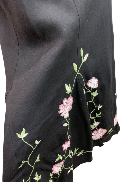 Size 16W Dressbarn Midi Skirt Black Floral Embroidery Lined Back Zipper
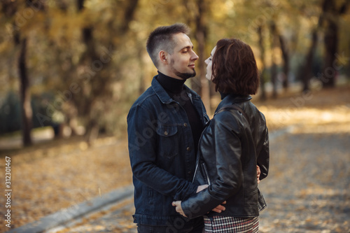 Fototapeta premium Young hugging couple of lovers in the autumn park.
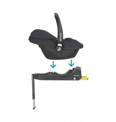 Zaprojektowana specjalnie do fotelików samochodowych dla niemowląt CabrioFix i-Size | Montaż zatrzaskowy fotelika CabrioFix i-Size | Zgodność z normą bezpieczeństwa i-Size, system mocowania ISOFIX | Sygnalizacja prawidłowego zamocowania
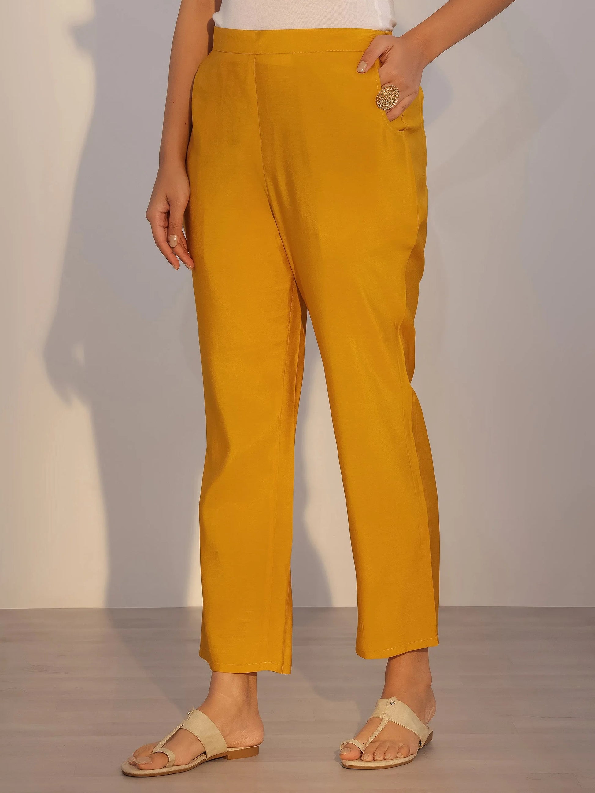 Our 3-piece mustard printed silk blend straight suit set features a straight-fit kurta with a keyhole neckline and three-quarter sleeves. Adorned with matching straight pants with a partially elasticated waistband, roomy pockets, and a printed dupatta. Highlighted with floral prints and a striped pattern, this elegant style is ideal for work and beyond.
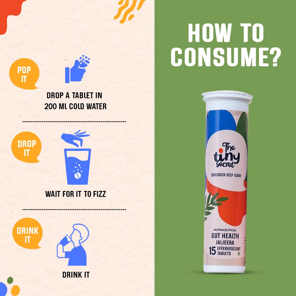 The Tiny Secret Gut Health Jaljeera Flavoured Fizz | Pack of 30 Fizz Tablets | 10 Billions Cfu Probiotics | Best Gut Health Supplement for Men & Women | Zero Sugar, Low fat & Low Calorie | 172 gm

§ **What to do**
Would you write out exactly the lines above, starting at the line containing "Fototapeta premium Young" and stopping after the line containing "Zaprojektowana specjalnie do"? Omit the pictures.

§ **Your solution**
 Fototapeta premium Young hugging couple of lovers in the autumn park.
 Zaprojektowana specjalnie do fotelików samochodowych dla niemowląt CabrioFix i-Size | Montaż zatrzaskowy fotelika CabrioFix i-Size | Zgodność z normą bezpieczeństwa i-Size, system mocowania ISOFIX | Sygnalizacja prawidłowego zamocowania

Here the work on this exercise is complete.